CARRARA RANGE BATTERY METAL PROJECT ACQUISITION
Binding term sheet to acquire 100% of Carrara Range Project, Northern Territory
Prospective for battery metals and iron ore. Covering 1,271 km2 in the South Nicholson Basin
Complementary to Resolution’s nearby Benmara and Wollogorang Projects and aligned with the
Company’s battery-metals focus in Australia
Geoscience Australia recently identified a manganese mineral occurrence within the project area, untested by drilling, highlighting the underexplored and prospective nature of the project
Detailed project review underway to plan and prioritise initial on ground activities this dry season
Results of review and exploration plans will be announced in early March for all NT Projects
"The Carrara Range Project is complementary to our nearby Benmara & Wollogorang Projects, and is highly prospective for sediment hosted battery metals. The geographic location will allow RML to focus our Australian exploration efforts on battery metals in the Northern Territory. The area is underexplored and only recently (2020), Geoscience Australia geologists identified a new promising manganese mineral occurrence at surface. We are very excited to get out and explore this coming dry season for the next world-class McArthur River Mine on these three excellent battery metal projects in the Northern Territory."

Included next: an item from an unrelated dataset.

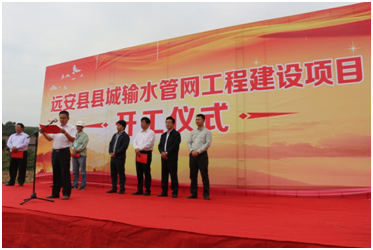 9月29日上午,公司中標的宜昌市遠安縣縣城輸水管網(wǎng)工程在管線的起點舉行了開工儀式。遠安縣縣委副書記、縣長蘇海濤,縣委常委、副書記張俊,縣委常委、常務副縣長肖鵬飛,縣政協(xié)副主席、工程建設副指揮長梅昌許,公司總經(jīng)理鄧永馳,以及遠安縣縣直相關(guān)單位,工程監(jiān)理、工程設計等...

- Managing Director Duncan Chessell
Resolution Minerals Ltd (ASX: RML) is pleased to announce that it has signed a binding term sheet with private company Cientifica Pty Ltd (Vendor) to Purchase a 100% interest in six exploration tenements (3 granted, 3 in application) covering a total area of 1,271 km2 in the Northern Territory. Upon completion, Resolution will hold a 100% unencumbered interest in the tenements: EL32622, EL32620, EL32577, EL32621, EL32619 and EL32578.
The Carrara Range Project is prospective for sediment hosted battery metals including Mn-Cu- Ag-Pb-Zn-Co as well as iron-ore. The share-based terms of the deal will preserve Resolution’s cash for exploration activities to best increase shareholder value.
The Consideration for the Outright Purchase is $20,000 cash and 2,000,000 RML shares up front (Tranche 1) and a further 7,000,000 RML shares upon transfer of the title of the tenements (Tranche 2) (subject to Ministerial approval). The shares will be issued under RML’s 15% placement capacity under Listing Rule 7.1 within 7 business days of execution for Tranche 1, and within 7 business days of transfer for Tranche 2. All shares will be subject to voluntary escrow for 12 months from issue.
Completion will be subject to a number of standard conditions precedent (if required), including: Ministerial consent and other conditions precedent usual for this type of transaction.